RECORDS TO PROCESS -
Start of Block

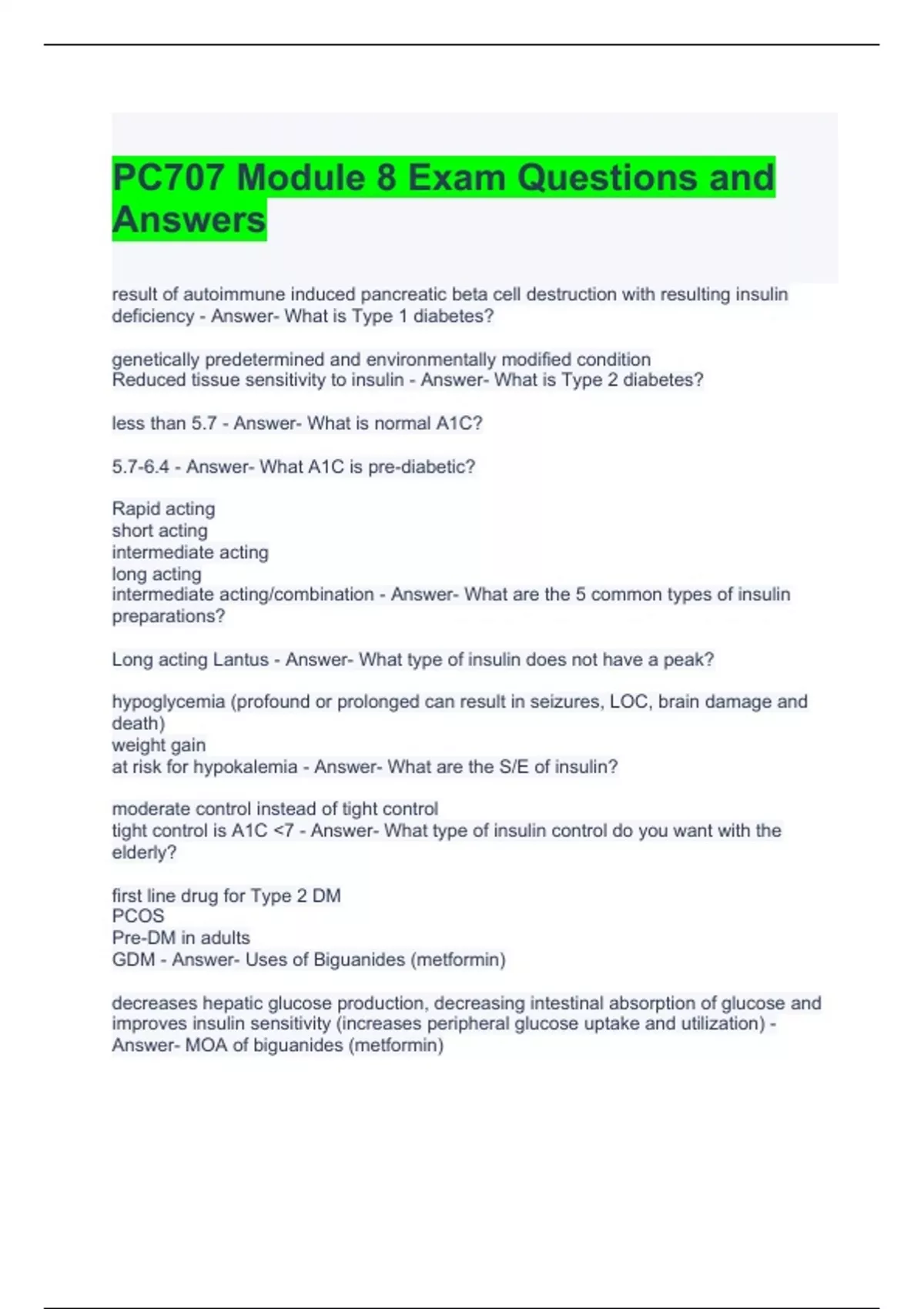 PC707 Module 8 Exam Questions and Answers
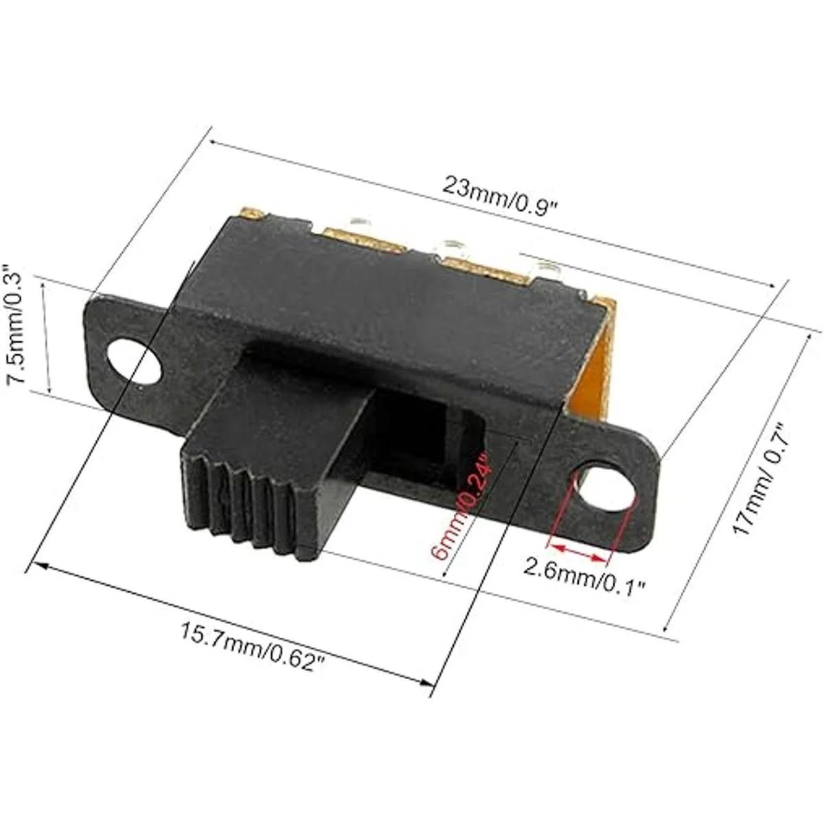 Tamaño total del interruptor: 0.9 x 0.3 x 0.7 in. Tamaño del pomo: 0.177 x 0.157 x 0.236 in. Material externo: plástico, metal
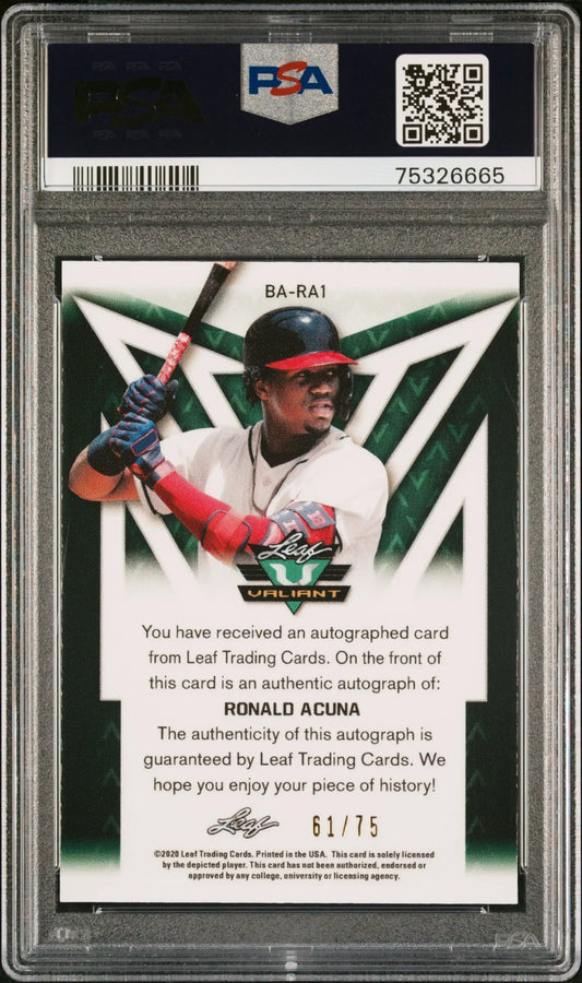 Ronald Acuna Jr. 2020 Leaf Valiant Orange Auto #61/75 PSA 10 Gem Mint
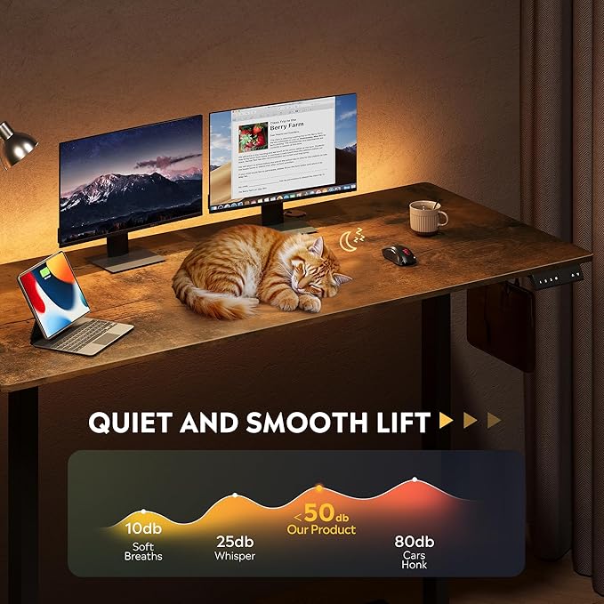 - 【Quite & Smooth Height Adjustments】Tri-motor system delivers whisper-quiet (<50dB) height transitions (28.35"-46.45") in seconds, eliminating manual adjustments and prevent desktop tilting. Standing desk adjustable height perfected for ergonomic shifts, ensuring buttery-smooth operation whether sitting or standing.
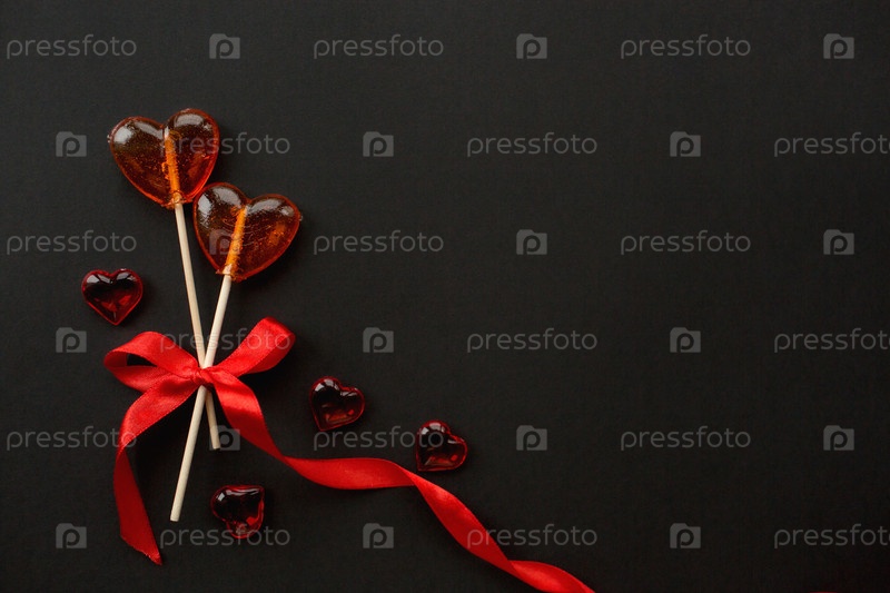 Баннер.Два сладости на палочке на черном фоне.Красные сердца. Концепция конфетной любви. День святого Валентина. Копируйте место для надписи
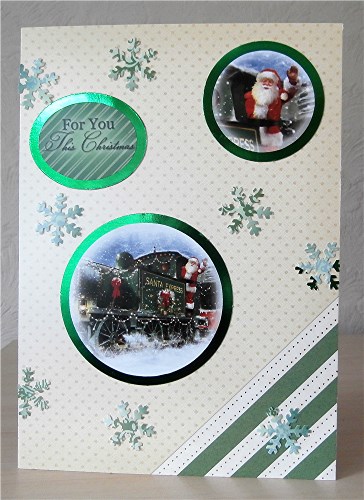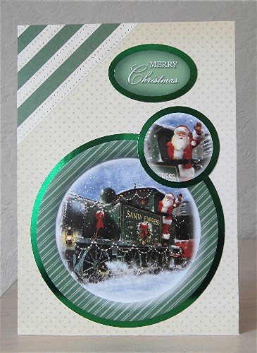 They were made by using die cuts from the 'Santa express' sheet from the Hunkydory vintage Christmas collection together with matching card. They are A5 size.

End of Block

EXERCISE REQUIREMENTS -
Without the pictures, write out all of the material exactly.

ANSWER SPACE -
 PC707 Module 8 Exam Questions and Answers
 Tamaño total del interruptor: 0.9 x 0.3 x 0.7 in. Tamaño del pomo: 0.177 x 0.157 x 0.236 in. Material externo: plástico, metal
 Ronald Acuna Jr. 2020 Leaf Valiant Orange Auto #61/75 PSA 10 Gem Mint
 - 【Quite & Smooth Height Adjustments】Tri-motor system delivers whisper-quiet (<50dB) height transitions (28.35"-46.45") in seconds, eliminating manual adjustments and prevent desktop tilting. Standing desk adjustable height perfected for ergonomic shifts, ensuring buttery-smooth operation whether sitting or standing.
 Баннер.Два сладости на палочке на черном фоне.Красные сердца. Концепция конфетной любви. День святого Валентина. Копируйте место для надписи
 They were made by using die cuts from the 'Santa express' sheet from the Hunkydory vintage Christmas collection together with matching card. They are A5 size.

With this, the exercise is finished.